University of Chicago’s, Cobb Gate
THE CHICAGO SOUND SHOW
OUTDOOR SOUND ART EXHIBITION
Bag End at the Historic Cobb Gate Entrance of the University of Chicago
Presented by the Smart Museum of Art and the University of Chicago Arts.
Cobb Gate Exhibit: Breath, 2019
The Chicago Sound Show at Cobb Gate explored thresholds, passageways, and common spaces across the University of Chicago’s campus. Through the use of “found sound,” meditative human voice, acoustic archaeology, and more, the works revealed and amplified the architectural peculiarities of the campus while enriching our sensual knowledge of space.

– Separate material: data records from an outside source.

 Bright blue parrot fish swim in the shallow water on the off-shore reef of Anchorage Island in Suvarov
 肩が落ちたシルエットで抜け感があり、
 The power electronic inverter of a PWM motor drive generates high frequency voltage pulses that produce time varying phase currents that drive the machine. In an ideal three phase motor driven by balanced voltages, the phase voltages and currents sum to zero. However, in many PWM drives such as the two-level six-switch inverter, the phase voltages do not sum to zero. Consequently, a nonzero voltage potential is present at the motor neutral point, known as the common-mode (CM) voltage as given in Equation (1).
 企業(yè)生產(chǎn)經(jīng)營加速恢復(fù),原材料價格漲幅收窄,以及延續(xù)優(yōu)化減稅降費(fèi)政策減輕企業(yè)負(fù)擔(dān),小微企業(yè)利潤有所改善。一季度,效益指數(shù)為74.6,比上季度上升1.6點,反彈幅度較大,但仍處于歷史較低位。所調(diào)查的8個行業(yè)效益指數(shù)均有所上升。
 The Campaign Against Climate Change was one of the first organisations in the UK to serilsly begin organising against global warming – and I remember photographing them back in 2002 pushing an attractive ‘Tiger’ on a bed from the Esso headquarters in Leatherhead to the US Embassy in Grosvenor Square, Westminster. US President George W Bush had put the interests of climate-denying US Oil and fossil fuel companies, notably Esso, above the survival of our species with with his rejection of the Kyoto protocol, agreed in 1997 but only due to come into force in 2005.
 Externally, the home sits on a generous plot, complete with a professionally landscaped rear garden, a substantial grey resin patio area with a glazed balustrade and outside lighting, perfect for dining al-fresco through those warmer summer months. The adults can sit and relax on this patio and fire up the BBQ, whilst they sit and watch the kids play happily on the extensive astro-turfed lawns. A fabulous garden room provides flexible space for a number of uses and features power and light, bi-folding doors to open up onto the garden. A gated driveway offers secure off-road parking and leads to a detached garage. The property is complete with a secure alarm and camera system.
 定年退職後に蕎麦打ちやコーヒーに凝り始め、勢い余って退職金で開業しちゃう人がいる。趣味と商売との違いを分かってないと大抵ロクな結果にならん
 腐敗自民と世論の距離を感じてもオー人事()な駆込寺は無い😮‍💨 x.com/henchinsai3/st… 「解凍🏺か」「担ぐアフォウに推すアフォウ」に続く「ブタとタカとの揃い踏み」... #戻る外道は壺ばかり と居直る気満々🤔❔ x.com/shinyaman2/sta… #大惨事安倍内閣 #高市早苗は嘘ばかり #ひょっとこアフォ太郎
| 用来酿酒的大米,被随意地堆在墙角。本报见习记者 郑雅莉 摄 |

Equipment: 4.12-channel stereo sound installation, benches, Bag End infrasonic subwoofers, and Bag End full-range speakers
Artist: David Wallace Haskins
Breath, an architectural sound work channeled through Cobb Gate. Cob Gate is the landmark entrance to the University of Chicago’s Main Quad. An array of low-frequency full-spectrum Bag End speakers were used. As a result, this sound sculpture allowed both hearing and deaf visitors to physically experience the often unheard parts of the University of Chicago’s diverse soundscape. The work uncovered the often unnoticed layers of sound moving through the campus each day. Those passing through could relax on the benches (subwoofers) inside and physically experience this hidden soundscape.
Composed of interior and exterior sounds of the university covering everything from individual heartbeats and handwriting to songbirds and buses. The work is woven together and carried by the deep breathing 32 foot pipes of the E.M. Skinner Organ at Rockefeller Chapel.
The composition played from 9am-9pm every day, and concluded with an organ crescendo the last 8 minutes of every hour.
The Chicago Sound Show showcased Chicago’s extraordinary sound art scene. The participating artists created new works for historic and modern outdoor sites across the University’s campus, including Swift Cloister Garden, Campus North Residential Commons, Cobb Gate, Botany Pond, and the Smart Museum of Art courtyard.
Site specific works by nine Chicago area artists were on display throughout the college.